Up to and including the line holding "The Fantasia Light", write out the data exactly from its first line, but not the pictures.

- **SOURCE MATERIAL**:
◇ ◇ ◇ ◇

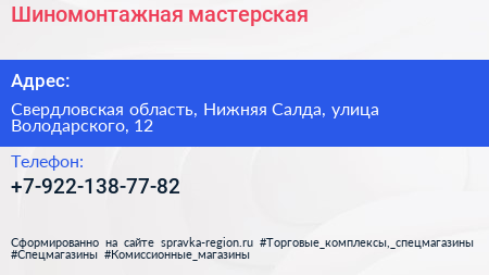 Шиномонтажная мастерская по адресу Свердловская область, Нижняя Салда, улица Володарского, 12 в дальнейшем Организация, размещена в следующих категориях:
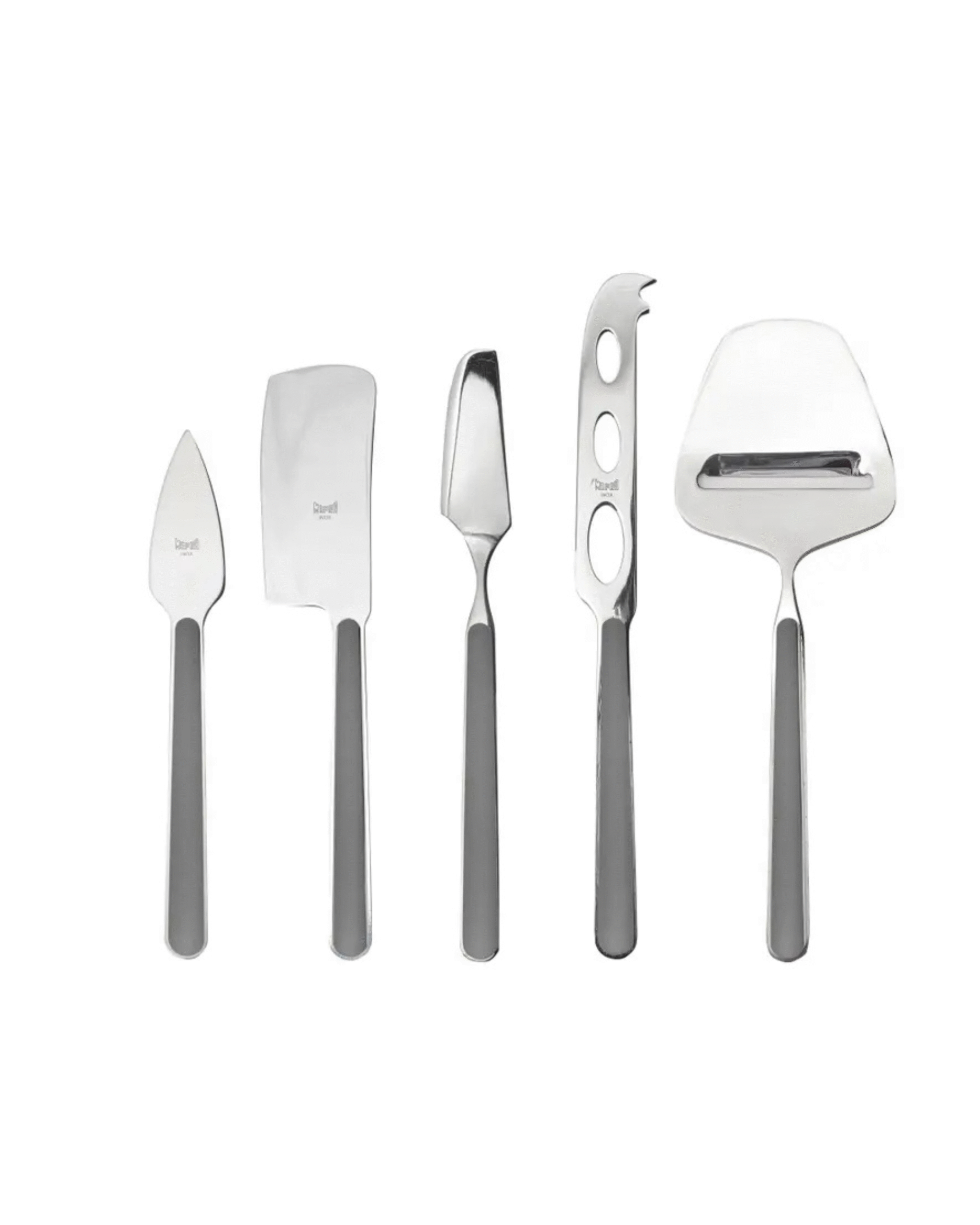 The Fantasia Light Mauve 5-piece Cheese Knife set combines elegant design with functionality. Each knife is crafted for precision and comfort, making cheese slicing and serving effortless and chic.
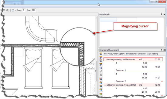 Vector gives you everything you need to take-off from CAD drawings including take-off from DWG, DFX, DGN or PDF drawing files. No additional software is required. Measurement is quick and easy with automatic calculation of lengths, areas and angles. Complex areas can be measured very quickly and accurately. Area and perimeter of polyline shapes are instantly accessible. Complex areas can also be traced very quickly using either ‘snap to’, and the magnifying cursor which enables you to see right into the corners. Multiple separate lengths or areas can be grouped for measurement purposes. The take-off is documented in the bill take-off and on the drawing. Complex drawings can be simplified using the layers controls to show / hide detail, additional measurement layers can be created to separate different parts of the take-off. Print the drawing marked up with your take-off detail direct to the printer, or export as a PDF to show others how you did your measure. Because you are using a single integrated program for Measuring, Bill Production and Estimating the whole process is streamlined and simplified. |
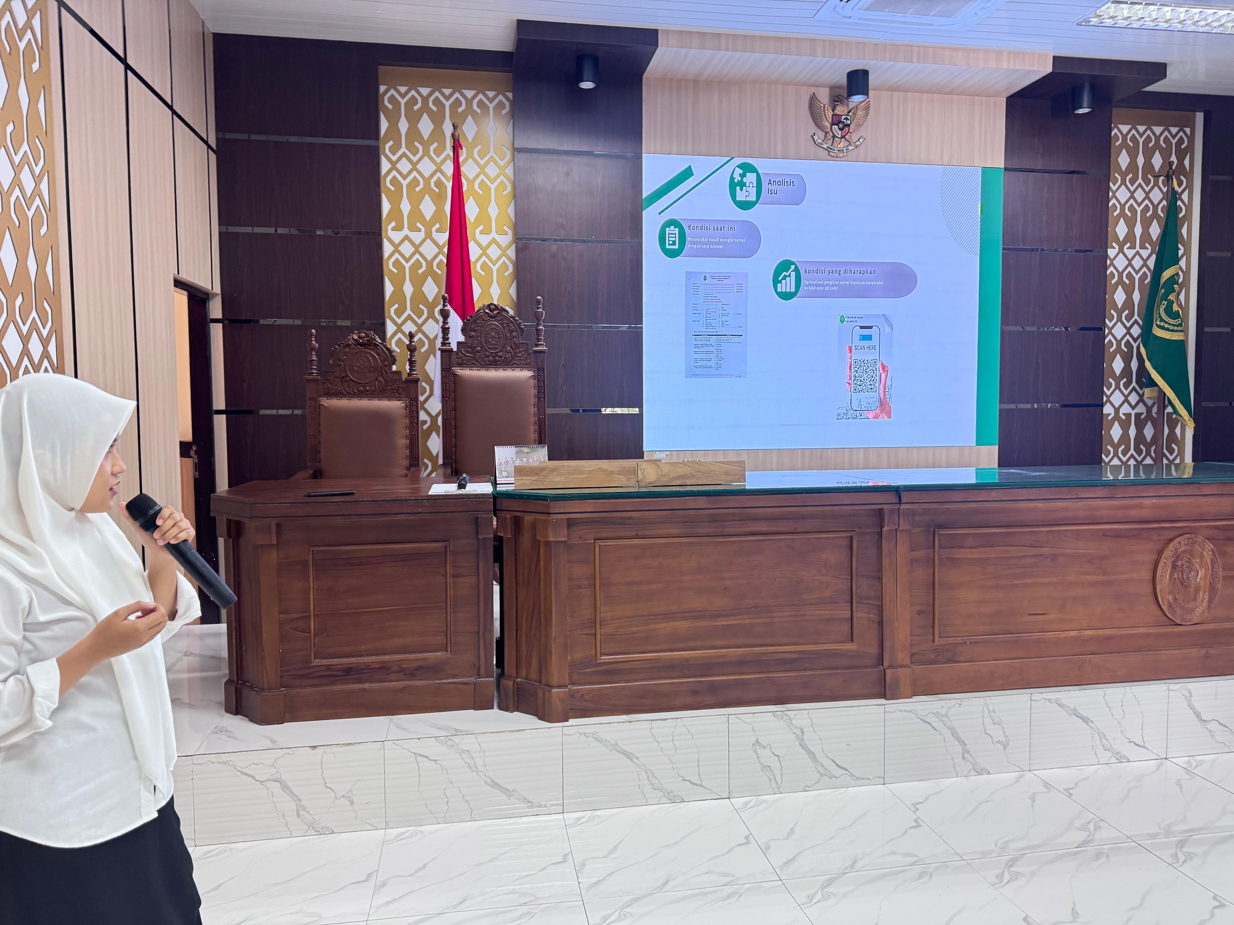 Presentasi dilaksanakan di ruang sidang utama PA Pasangkayu dengan dihadiri oleh Ketua PA Pasangkayu Ibu Mazidah, S.Ag., M.H., Wakil Ketua Abu Rahman Baba, S.H.I., M.H, Hakim., Panitera dan seluruh Aparatur peradilan PA Pasangkayu. Masing-masing CPNS mempresentasikan hasil aktualisasi mereka di hadapan seluruh Aparatur Pengadilan Agama Pasangkayu.Tak lupa dalam kesempatan tersebut, para peserta sosialisasi memberikan masukan demi kesempurnaan aktualisasi yang telah dibuat.

◇ ◇ ◇ ◇

- **RESPONSE BELOW**:
 Шиномонтажная мастерская по адресу Свердловская область, Нижняя Салда, улица Володарского, 12 в дальнейшем Организация, размещена в следующих категориях:
 The Fantasia Light Mauve 5-piece Cheese Knife set combines elegant design with functionality. Each knife is crafted for precision and comfort, making cheese slicing and serving effortless and chic.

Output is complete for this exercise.